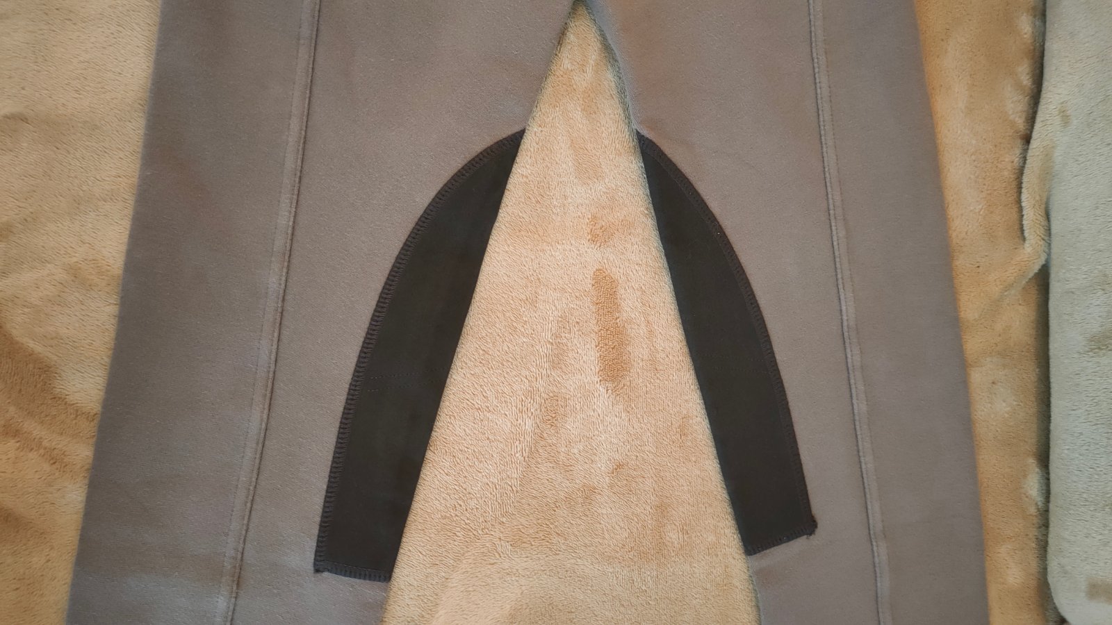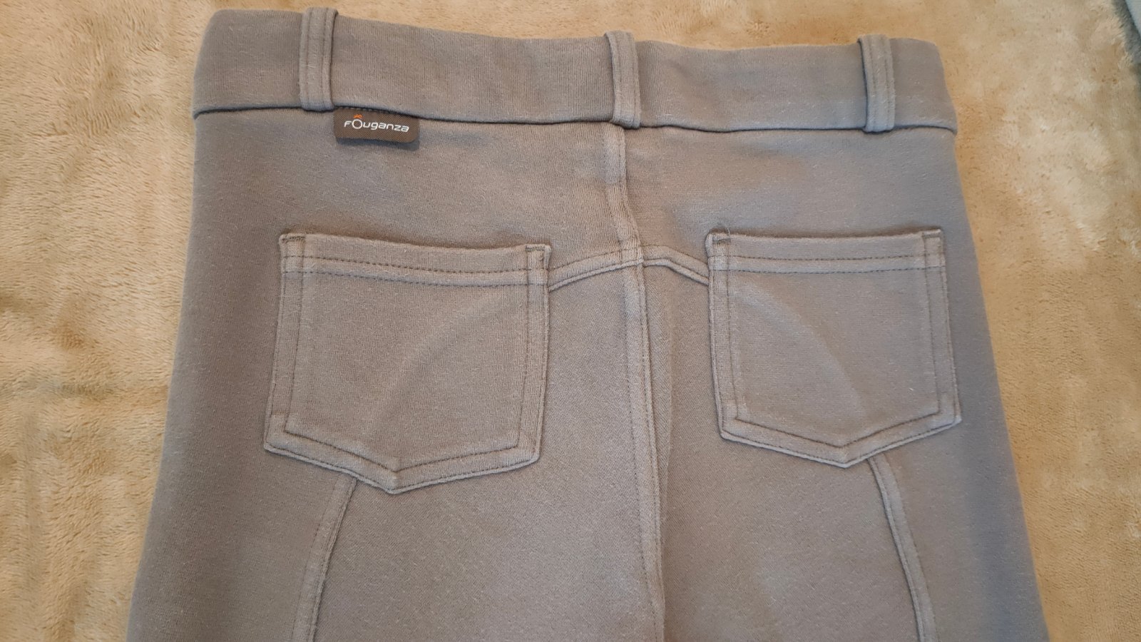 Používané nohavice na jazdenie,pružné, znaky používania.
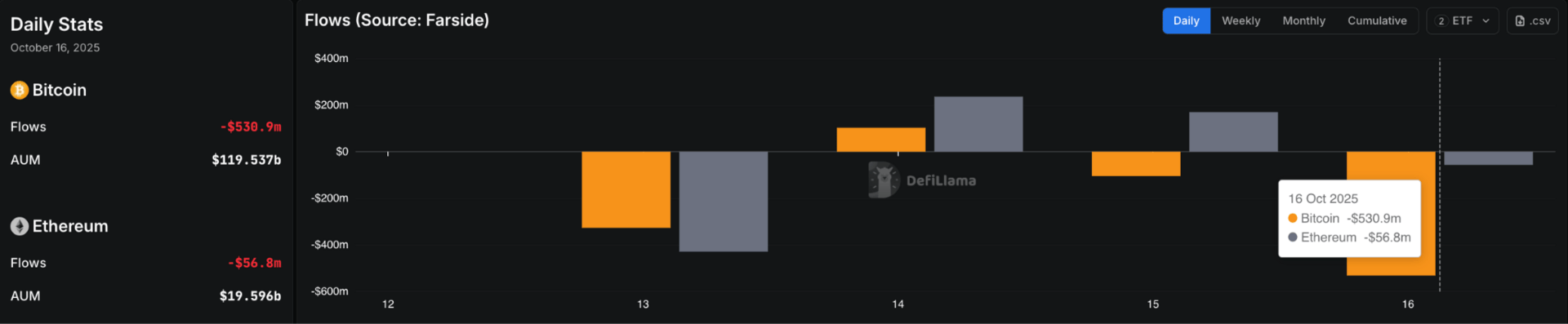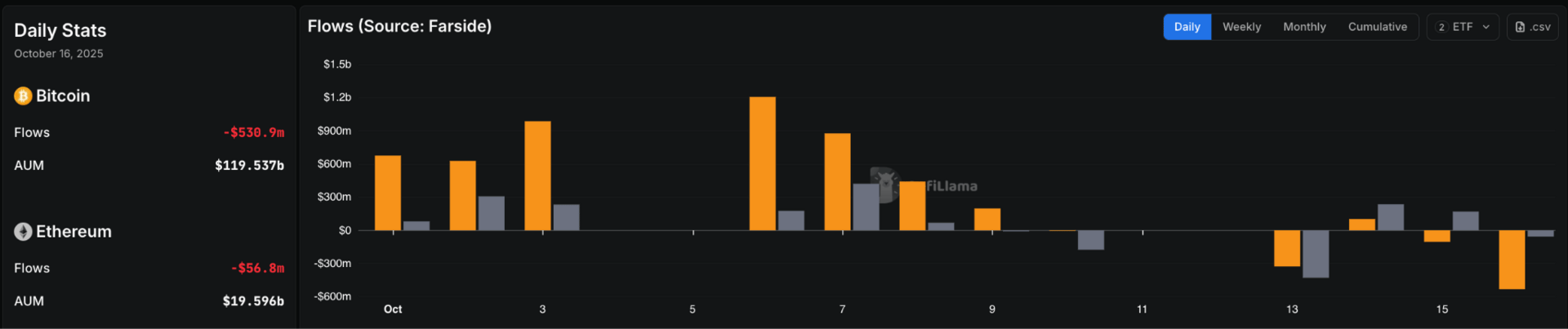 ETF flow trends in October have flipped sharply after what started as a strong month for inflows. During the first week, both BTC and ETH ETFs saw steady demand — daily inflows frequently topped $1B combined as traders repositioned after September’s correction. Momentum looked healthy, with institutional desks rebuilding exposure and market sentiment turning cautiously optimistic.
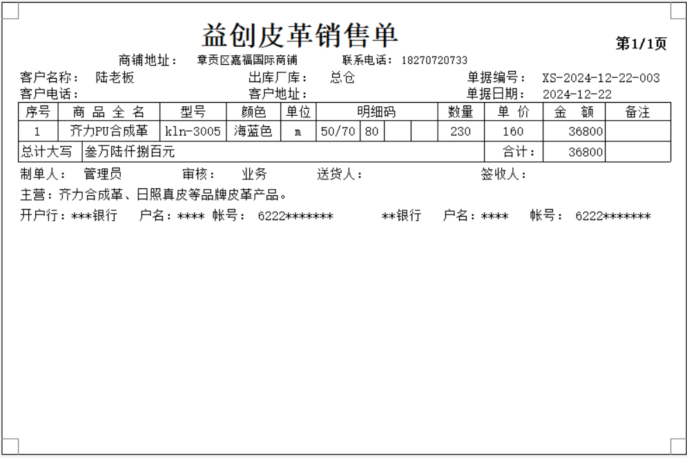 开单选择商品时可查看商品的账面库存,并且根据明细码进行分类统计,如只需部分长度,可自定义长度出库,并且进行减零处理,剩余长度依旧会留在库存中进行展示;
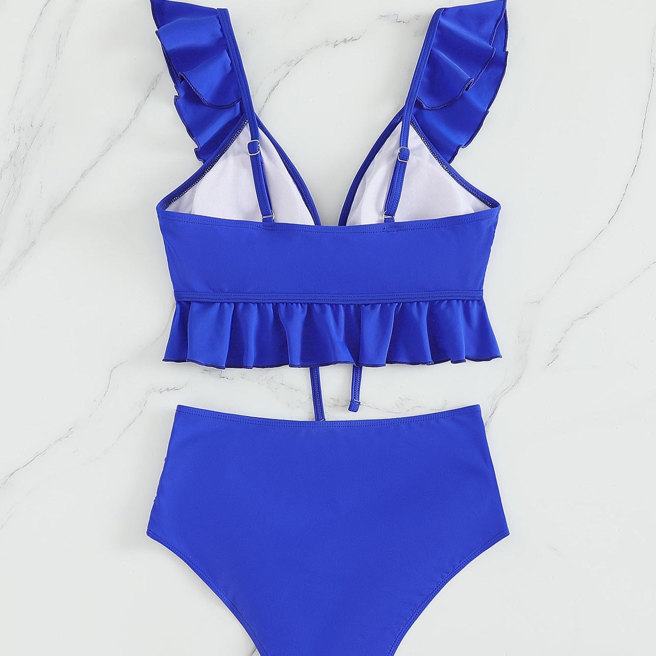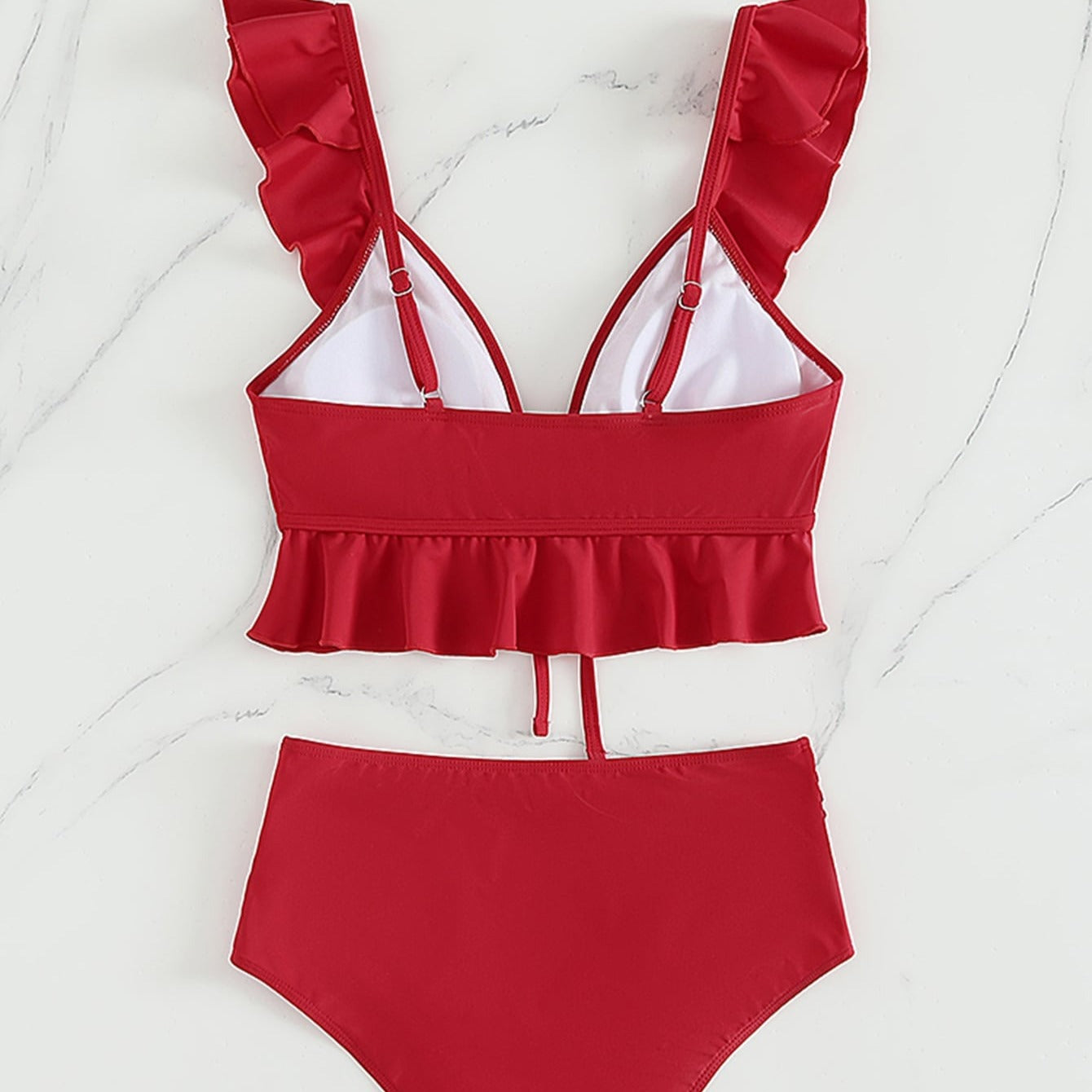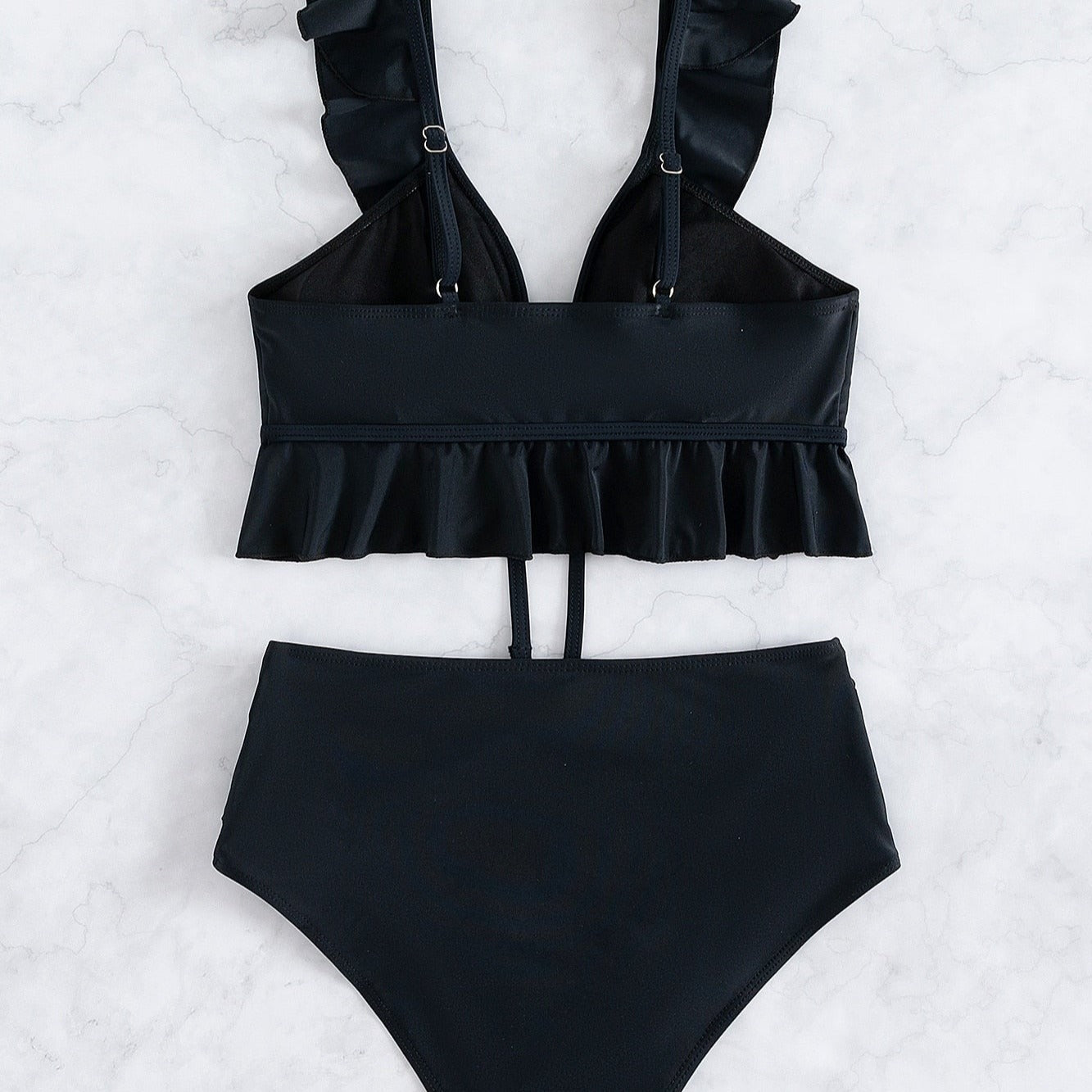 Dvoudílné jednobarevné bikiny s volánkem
◆ ◆ ◆ ◆
* PROBLEM TO WORK ON
In full and without changes, repeat the listing above, but not its pictures.

* COMPLETED TASK
 Používané nohavice na jazdenie,pružné, znaky používania.
 ETF flow trends in October have flipped sharply after what started as a strong month for inflows. During the first week, both BTC and ETH ETFs saw steady demand — daily inflows frequently topped $1B combined as traders repositioned after September’s correction. Momentum looked healthy, with institutional desks rebuilding exposure and market sentiment turning cautiously optimistic.
 开单选择商品时可查看商品的账面库存,并且根据明细码进行分类统计,如只需部分长度,可自定义长度出库,并且进行减零处理,剩余长度依旧会留在库存中进行展示;
 Dvoudílné jednobarevné bikiny s volánkem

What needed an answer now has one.